• Your task:
The expected output is each line from the one containing "[충청25시] 해양수산부는 1월" to the last line of the data below, set down exactly, minus the pictures.

• Exercise data:
────

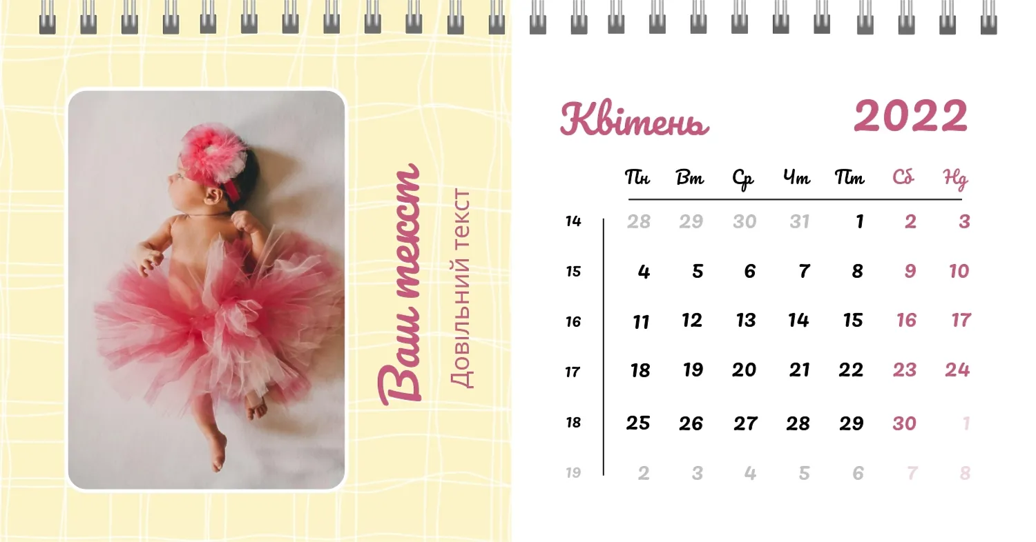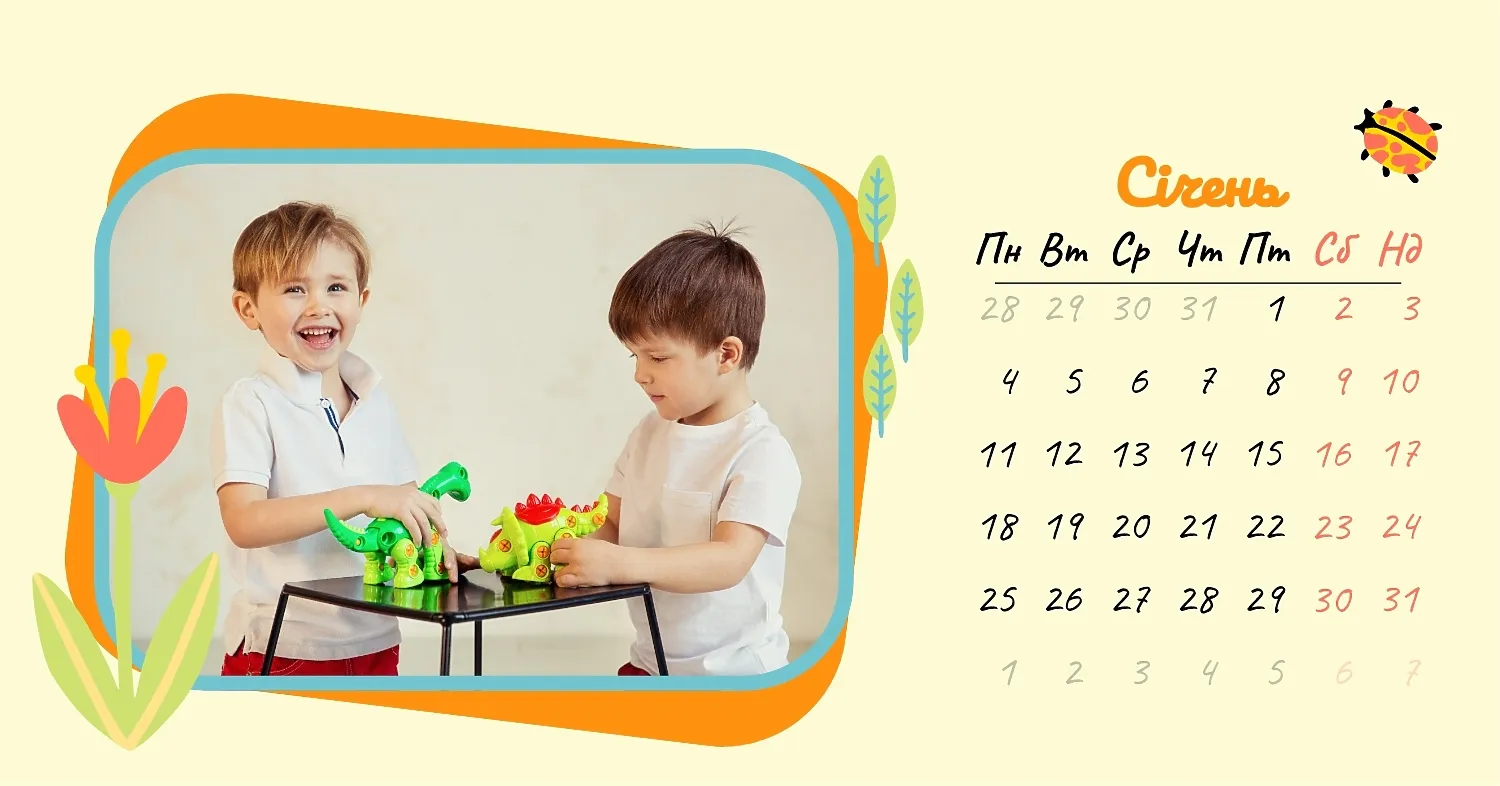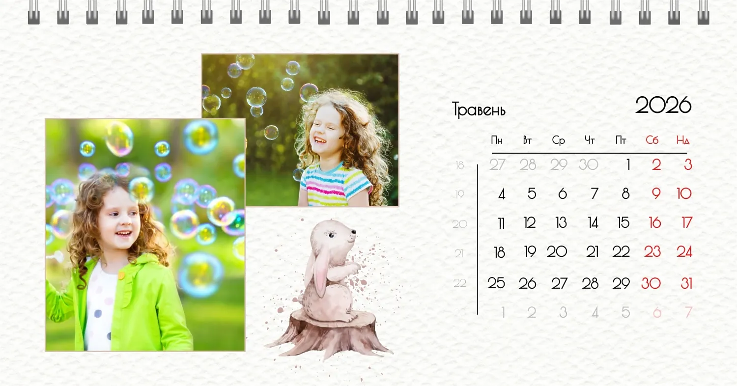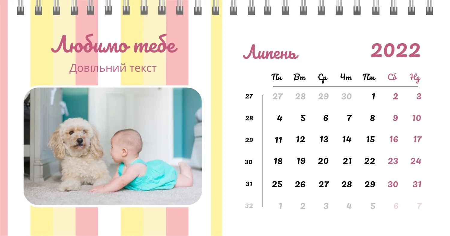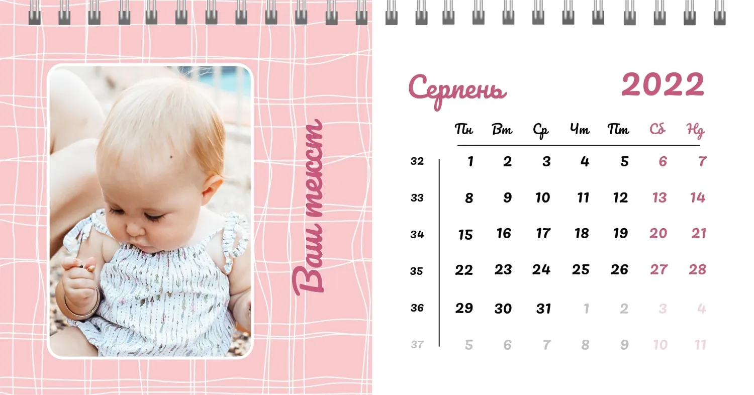 Готовий шаблон настільного перекидного календаря з фото дітей і милим декоративним оформленням створений для тих, хто цінує теплі сімейні емоції і хоче перетворити звичайний календар в затишний персональний аксесуар. Ніжні пастельні відтінки, акуратні ілюстрації, дитячі елементи декору і акцент на фотографії роблять такий календар особливо привабливим для батьків, вихователів, педагогів творчих студій, дитячих фотографів і всіх, хто працює з дітьми або створює для них контент. Він підходить для сімейних архівів, дитячих садків, центрів розвитку та невеликих студій, які хочуть запропонувати клієнтам приємний та емоційний продукт. У нашому онлайн-конструкторі цей шаблон легко перетворити під власні завдання. Ви можете замінити фотографії, змінювати розташування елементів, редагувати написи, вибирати інші шрифти і відтінки, додавати декоративні вставки або навпаки — прибирати зайві, щоб створити більш минималистичную композицію. Кожен місяць можна оформити по-різному, додавши важливі дати, індивідуальні примітки або невеликі картинки, які підкреслюють характер дитини або тематику фото.
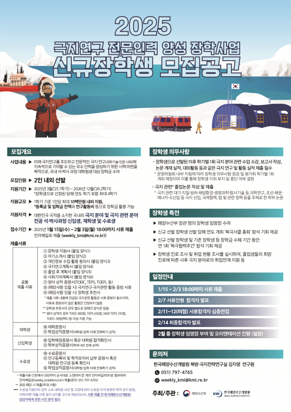 [충청25시] 해양수산부는 1월 15일부터 2월 3일까지 대한민국 국적의 극지 관련 분야 전공 석·박사과정생을 대상으로 ‘제3차 극지연구 전문인력 양성 장학사업’의 장학생을 모집한다.
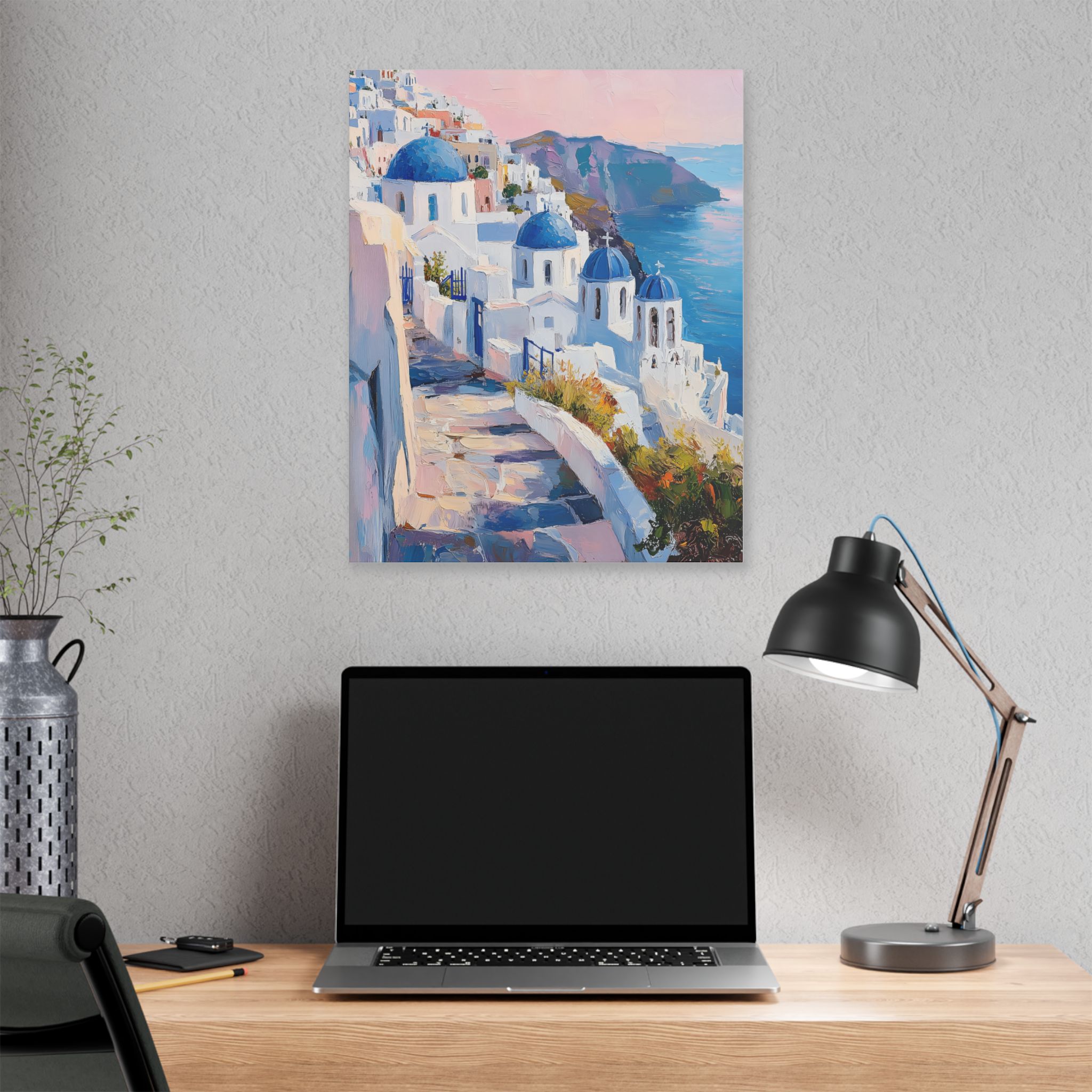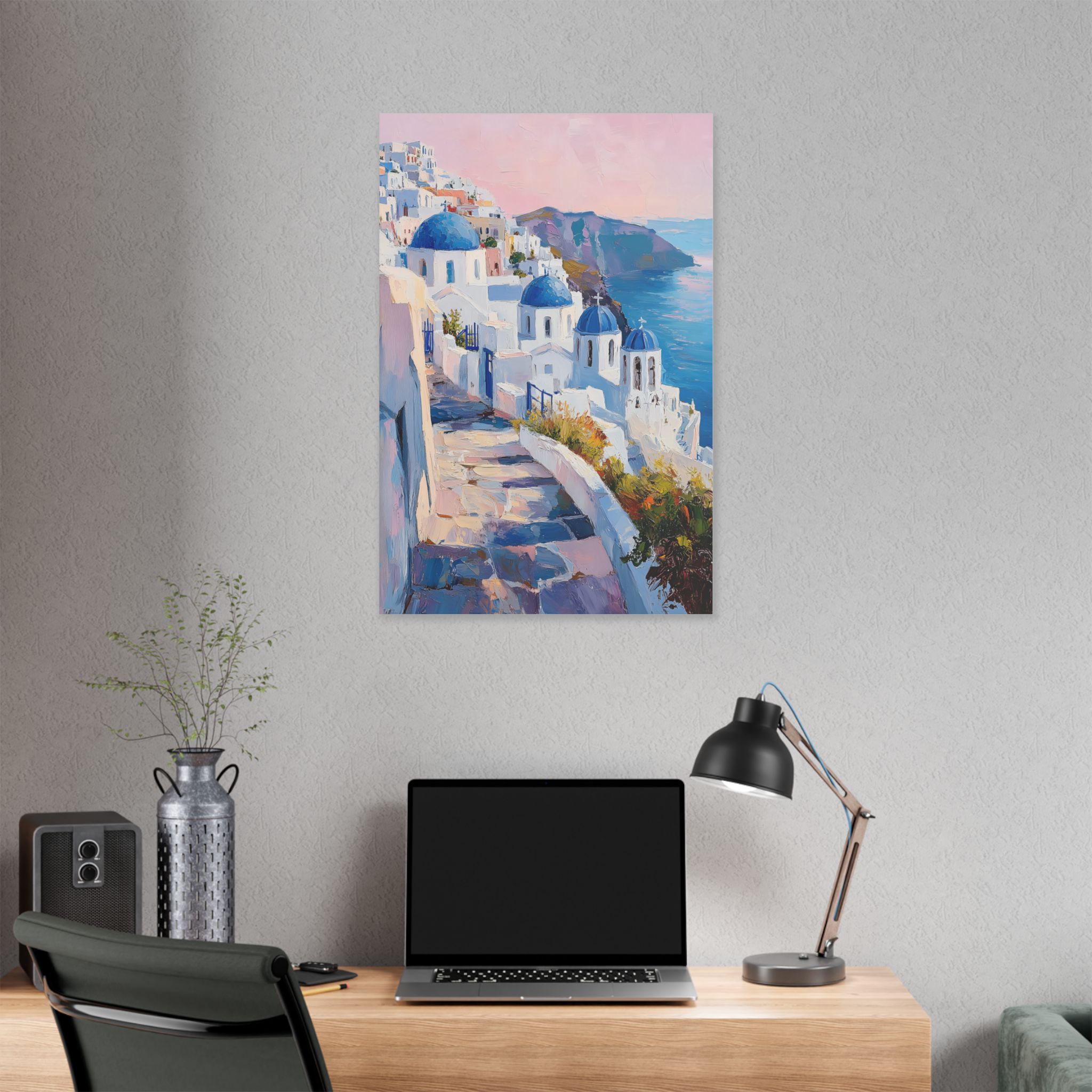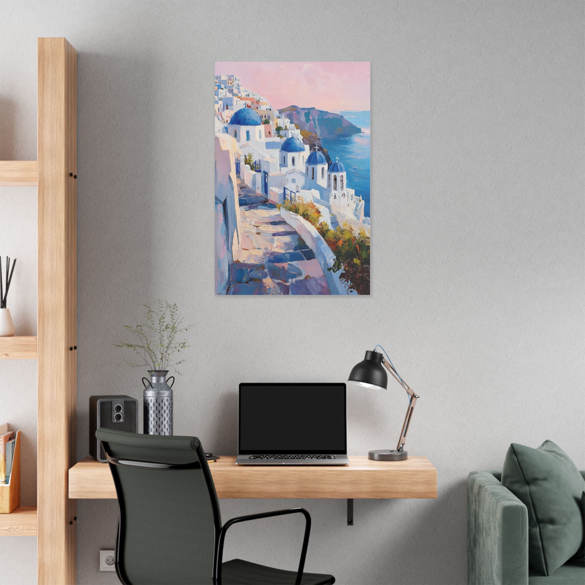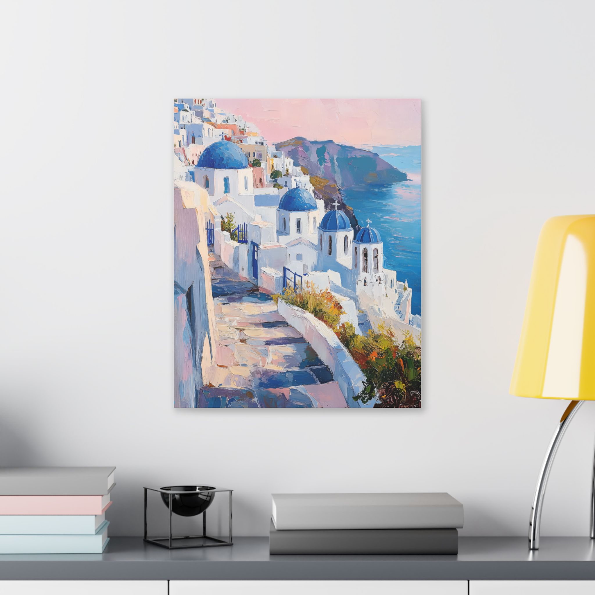 Impression d’art premium Santorini White Village Morning — collection Riviera d’Inkora.

────

• Answer box:
 [충청25시] 해양수산부는 1월 15일부터 2월 3일까지 대한민국 국적의 극지 관련 분야 전공 석·박사과정생을 대상으로 ‘제3차 극지연구 전문인력 양성 장학사업’의 장학생을 모집한다.
 Impression d’art premium Santorini White Village Morning — collection Riviera d’Inkora.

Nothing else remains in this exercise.